German chancellor Angela Merkel has demanded stronger central powers for the European Commission to veto national budgets that breach EU rules, risking a clash with France at a summit of EU leaders today.
Addressing parliament in Berlin hours before the 22nd summit since the start of the euro zone's debt crisis, Dr Merkel also sought to slow the race to create a single European banking supervisor, saying quality was more important than speed.
French president François Hollande took a very different tack in an interview with six European newspapers, warning that budget discipline alone would not solve the euro zone's problems without doing more to revive growth. He called for greater haste in implementing a banking union.
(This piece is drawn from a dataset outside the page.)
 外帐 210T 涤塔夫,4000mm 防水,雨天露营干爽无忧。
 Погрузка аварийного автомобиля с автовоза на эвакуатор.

"The topic of this summit is not the fiscal union but the banking union, so the only decision that will be taken is to set up a banking union by the end of the year and especially the banking supervision. The other topic is not on the agenda," he said at pre-summit meeting of socialist leaders.
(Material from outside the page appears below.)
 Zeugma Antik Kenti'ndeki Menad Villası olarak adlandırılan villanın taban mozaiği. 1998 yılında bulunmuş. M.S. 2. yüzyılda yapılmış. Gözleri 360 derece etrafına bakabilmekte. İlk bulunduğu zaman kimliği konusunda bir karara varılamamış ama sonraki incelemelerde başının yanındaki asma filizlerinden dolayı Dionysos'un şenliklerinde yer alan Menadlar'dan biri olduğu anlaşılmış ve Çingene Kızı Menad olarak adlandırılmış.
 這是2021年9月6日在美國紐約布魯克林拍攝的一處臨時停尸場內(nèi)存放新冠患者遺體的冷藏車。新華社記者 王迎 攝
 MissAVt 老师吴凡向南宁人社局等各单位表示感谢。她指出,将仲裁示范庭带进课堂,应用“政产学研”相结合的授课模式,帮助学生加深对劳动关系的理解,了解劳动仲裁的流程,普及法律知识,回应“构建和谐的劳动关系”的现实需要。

Dr Merkel and Mr Hollande are expected to hold a one-on-one meeting before the summit proper begins, EU officials said, which may provide a chance to discuss their differences.
Dr Merkel skirted the issue of a possible credit line for Spain, which euro zone officials expect Madrid to request within weeks, but reiterated her desire to keep Greece in the currency area despite its chronic debt problems.
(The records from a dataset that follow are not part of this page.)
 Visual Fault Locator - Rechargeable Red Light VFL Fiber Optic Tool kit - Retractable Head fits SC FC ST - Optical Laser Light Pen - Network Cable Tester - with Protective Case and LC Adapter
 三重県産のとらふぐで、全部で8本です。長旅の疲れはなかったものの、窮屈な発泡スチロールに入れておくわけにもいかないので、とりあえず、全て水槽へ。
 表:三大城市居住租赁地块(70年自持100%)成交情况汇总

In Greece, workers walked off the job for the second time in three weeks, aiming to show EU leaders that a new wave of wage and pension cuts will only worsen their plight after five years of recession.
"We have made good progress on strengthening fiscal discipline with the fiscal pact but we are of the opinion, and I speak for the whole German government on this, that we could go a step further by giving Europe real rights of intervention in national budgets," Dr Merkel told the Bundestag lower house.
A proposal by German finance minister Wolfgang Schaeuble to create a super-empowered European currency commissioner was a possible way forward, she said, and more European control should be accompanied by a stronger European Parliament.
Such moves would require EU treaty changes which Mr Hollande is keen to avoid. He recalled that French and Dutch voters had rejected a previous attempt to tinker with EU institutions in referendums on a European constitutional treaty in 2005.
French budget minister Jerome Cahuzac told BFM TV that if the German budget czar idea required giving away more national power to Brussels, "the president has made his position clear in refusing to alter the (French) constitution . . . because Francois Hollande has not accepted a new transfer of sovereignty".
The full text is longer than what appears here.